Somos convidados, por exemplo, a experienciar uma viagem ao aquário com a sua mãe ou uma mudança de casa marcante. Vemos a mãe com a filha ao colo ou a trabalhar enquanto Miriam fica sozinha na divisão adjacente. Na natação, permanece na memória a pressão exercida pela mãe, os tais troféus que foram conquistados à lei do trabalho para fazer os outros sentir o travo da vitória.
A Memoir Blue é composto por estas vinhetas: comprar bilhetes para o comboio, uma viagem de ferry que ficou a latejar. Miriam era aprisionada enquanto vestia fatos emocionais que raramente lhe assentavam como uma luva. Na escola, um descontentamento idêntico. Esta pressão leva à destruição da mobília numa das cenas, ao atirar da touca por descontentamento e frustração. É a sensação de que a pressão da competição raramente encontrou uma lura em casa.
O jogo sabe perfeitamente que estas cenas precisavam de um momento narrativo como contrapeso. Num abraço entre mãe e filha, o peso dos seus mundos a colidir e a fundirem-se. Pelo jogador explode a lembrança de um abraço idêntico ou o saldo negativo de tal nunca ter sido possível. Ao jogarmos as memórias digitais de Miriam, estamos a reviver o que passámos analogicamente.
A obra publicada pela Annapurna Interactive só tinha a ganhar com uma longevidade prolongada. O argumento tinha a beneficiar se houvesse uma ligação mais alargada entre estes fragmentos. E importa relembrar que muito fica entregue à interpretação de quem joga. Se por um lado isso beneficia o jogo como um espelho, também o deixa vulnerável a pontos de interrogação que podem diluir a intensidade da mensagem.
Videojogo com laivos de novela gráfica, A Memoir Blue é descrito oficialmente como um “poema interactivo”. Assim, os processos de jogabilidade prestam-se a conduzir o cursor pelos cenários à procura de objectos com que interagir.

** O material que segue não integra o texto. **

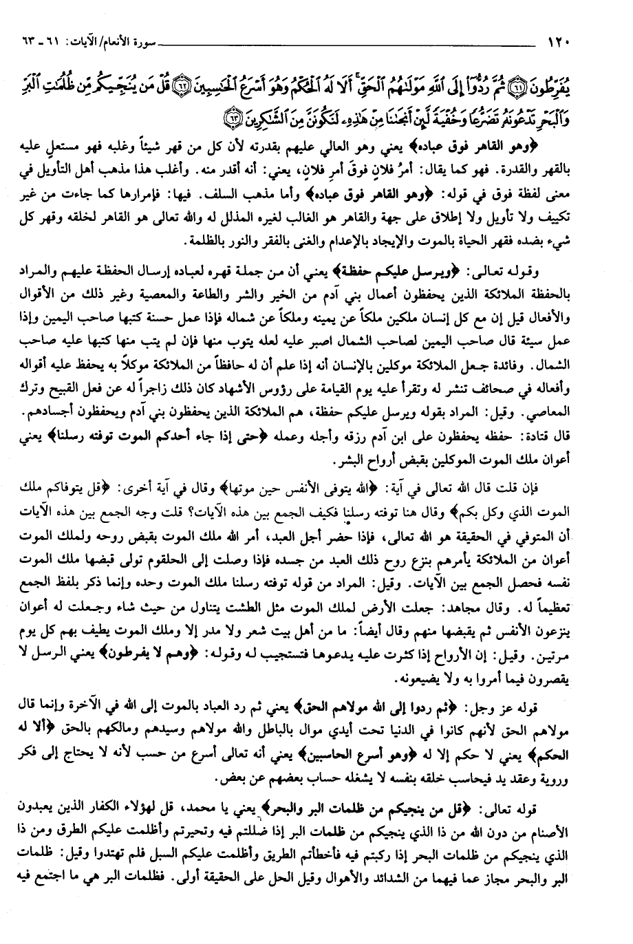 وَهُوَ الْقاهِرُ فَوْقَ عِبادِهِ وَيُرْسِلُ عَلَيْكُمْ حَفَظَةً حَتَّى إِذا جاءَ أَحَدَكُمُ الْمَوْتُ تَوَفَّتْهُ رُسُلُنا وَهُمْ لا يُفَرِّطُونَ (61) ثُمَّ رُدُّوا إِلَى اللَّهِ مَوْلاهُمُ الْحَقِّ أَلا لَهُ الْحُكْمُ وَهُوَ أَسْرَعُ الْحاسِبِينَ (62) قُلْ مَنْ يُنَجِّيكُمْ مِنْ ظُلُماتِ الْبَرِّ وَالْبَحْرِ تَدْعُونَهُ تَضَرُّعاً وَخُفْيَةً لَئِنْ أَنْجانا مِنْ هذِهِ لَنَكُونَنَّ مِنَ الشَّاكِرِينَ (63)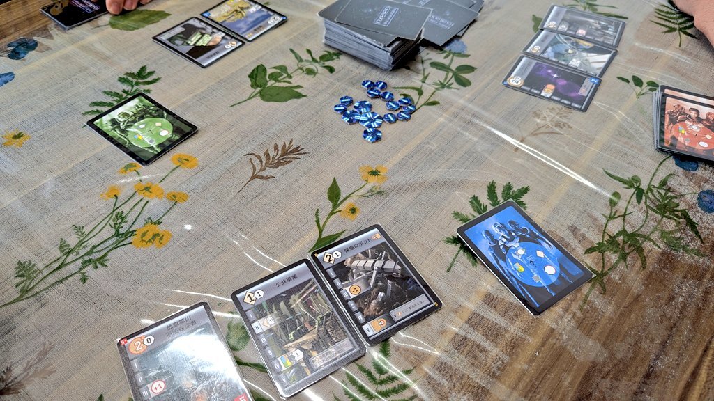 ボドゲももちろん遊んでいました。久しぶりのレース・フォー・ザ・ギャラクシー(https://bodoge.hoobby.net/games/race-galaxy-second-edition)はやっぱり楽しかったです。2戦やって1戦目は茶色生産メインうまく回すことができて1位、2戦目は軍事がうまくいかず中途半端になり、売れる製品も少なく3位でした。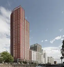 - ^ a b c d e Spocchia, Gino (21 August 2024). "Hawkins\Brown to break Scottish high-rise record with 36-storey student tower". The Architects’ Journal. Retrieved 23 August 2024.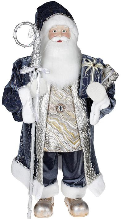 Фігура Санта з палицею (м'яка іграшка), сіро-блакитний. Матеріал - тканина, пластик.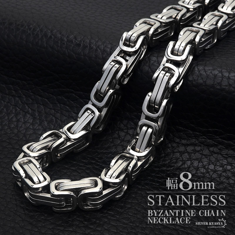 - (55cm) ステンレス ごつめチェーン ネックレス 幅8mmネックレス ビザンチンチェーン スクエア ごつい シルバー 銀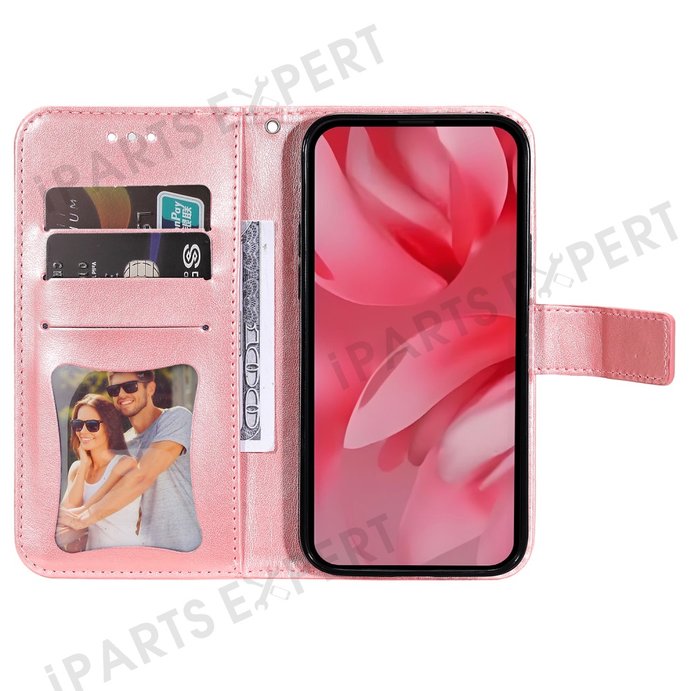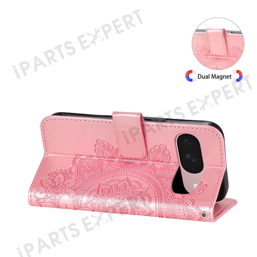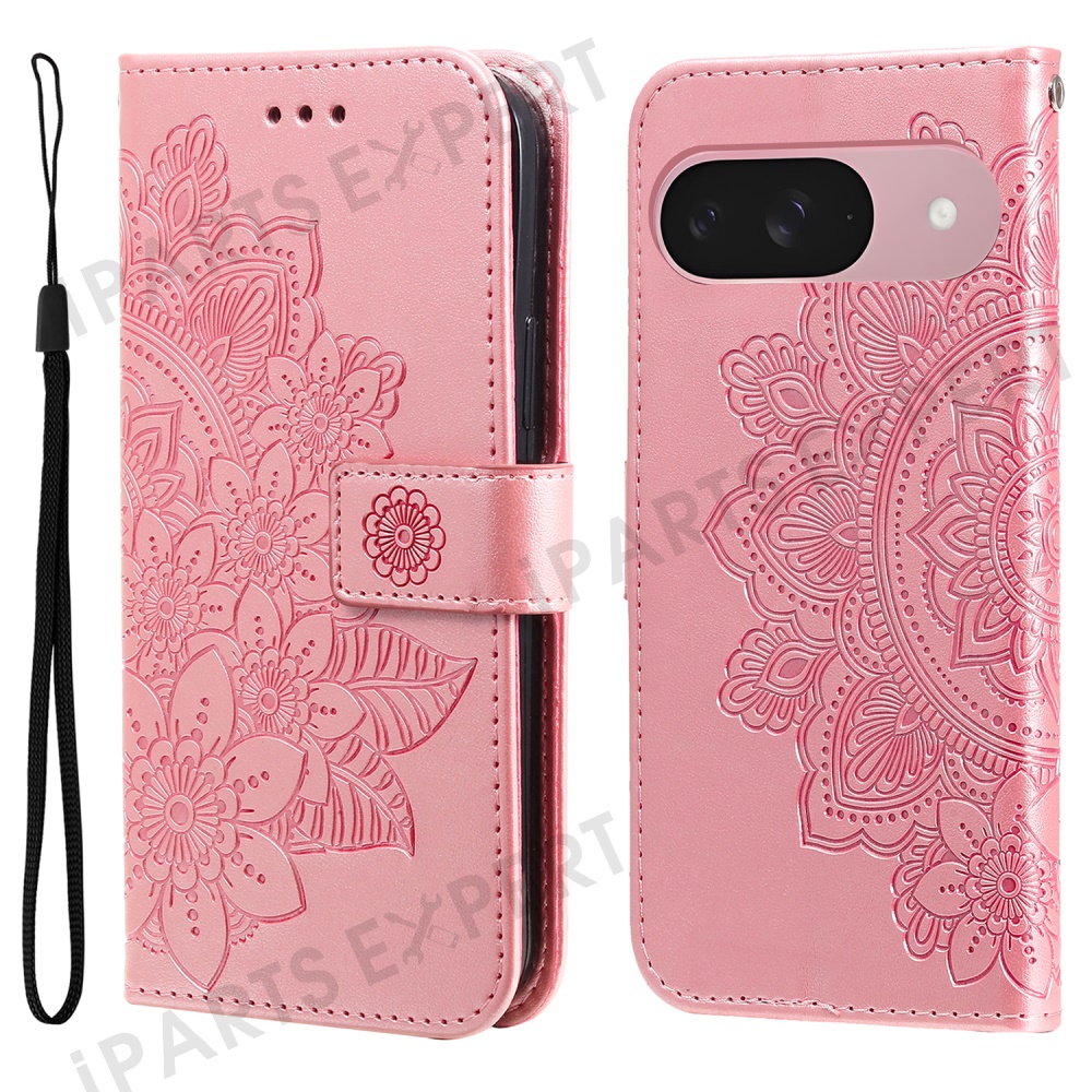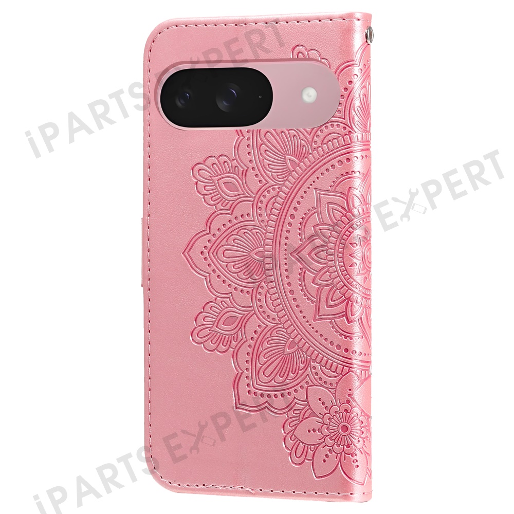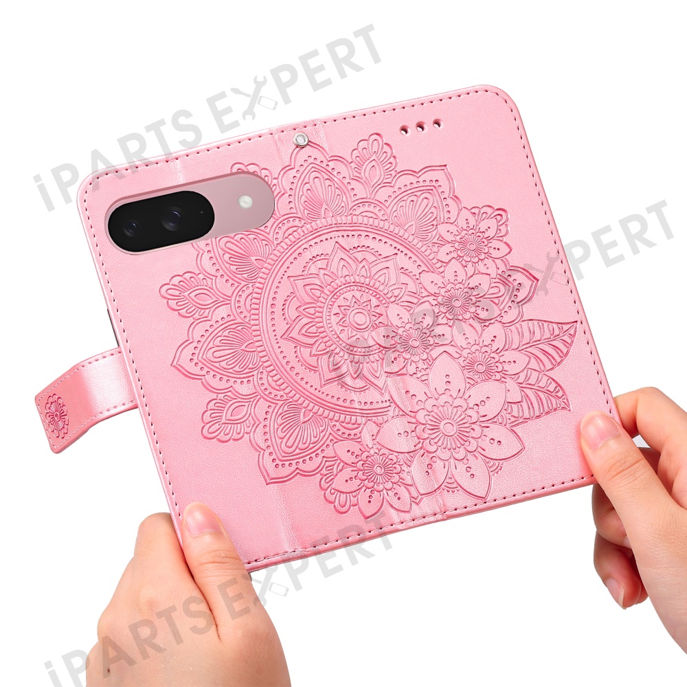For Google Pixel 9a Case Floral Pattern PU Leather Wallet Stand Phone Cover - Pink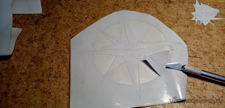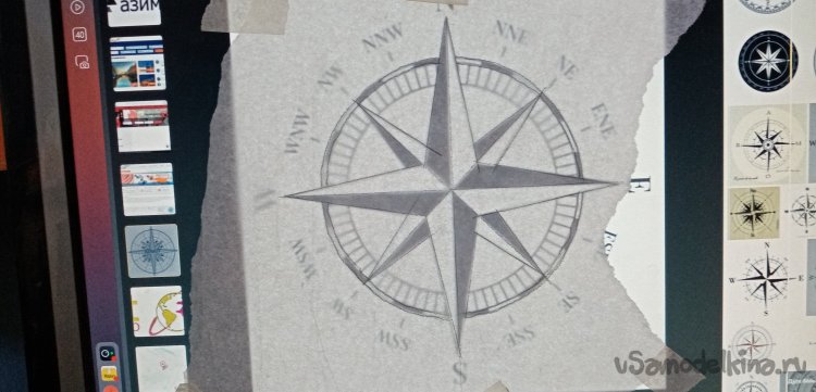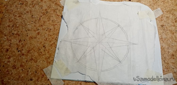 Перехожу к эмблеме. Нашел в интернете картушку компаса, подходит к названию. Только изображение мелкими деталями перегружено. При перерисовке немного упростил. Технология все такая-же. Вывожу в нужно масштабе на экран, закрепляю кальку и карандашом рисую.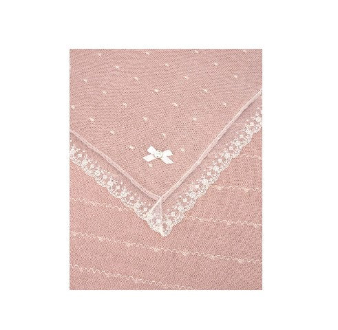 Gestrickte Decke aus Baumwolle und Kaschmir mit einem bezaubernden kontrastierenden Polka-Dot-Design. Abgerundet mit einer breiten bestickten Rüsche und Wellen. Detail eines Perlmutttellers mit Samtschleife. Mit den Maßen 105 x 105 cm bietet es maximalen Komfort und Wärme, um das Baby ab den ersten Lebenstagen einzuwickeln oder in den Armen zu tragen.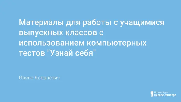 Материалы предназначены для работы по профориентации выпускников школы и призваны повысить эффективность работы классного руководителя в этом направлении. Работа с компьютерным тестом помогает определить круг специальностей, наиболее подходящих для данного человека. Обсуждение итогов тестирования позволяют задуматься о различных аспектах, влияющих на выбор профессии. К материалам прилагаются презентация по типам профессий и тест, созданный в MS Excel.

E um toque num de dois botões coloca-o no próximo ponto de interesse. A jogabilidade não se senta à mesa onde a progressão é discutida.
Interagir com cubos de gelo, ajustar os botões de um rádio, rasgar papéis de publicidade no comboio, construir uma ponte colocando as tábuas no devido local, edificar e destruir o pódio; são momentos que tentam justificar a palavra “interactivo”, mas que são sempre liderados pelo “poema” que está a ser escrito.
A água que escorre pelo apartamento e os segmentos submersos, é um videojogo em tons de azul, imaginativo, que nos faz lembrar um terço do trabalho mais conhecido de Krzysztof Kieślowski. A Memoir Blue é um jogo bonito, evocativo, com um grafismo que encontra par na banda sonora que nunca se impõe como protagonista da história.
Na que foi para mim a cena mais marcante do jogo, a Cloisters Interactive coloca em cena duas versões da protagonista, edificando o antigo e o novo como metáfora para o percurso, aquilo em que se tornou. Dois estilos gráficos em simultâneo dão-lhe força, mãe e filha a quebrar barreiras numa relação tumultuosa de afastamento e de reunião antes da estocada final.
Quando chegamos ao fim daquela que pode bem ser uma montanha-russa emocional, fica a abordagem a temas sérios e tantas vezes ásperos, mas também o respeito com que foi feita. Se os destroços das memórias são um mergulho profundo em nós mesmos, o ponto final neste “poema interactivo” é a bolsa de oxigénio que espera à superfície. E se os troféus de Miriam são a representação de sucesso, jogar A Memoir Blue é a certeza de que há fotografias mais valiosas do que objectos resplandecentes com o nosso nome.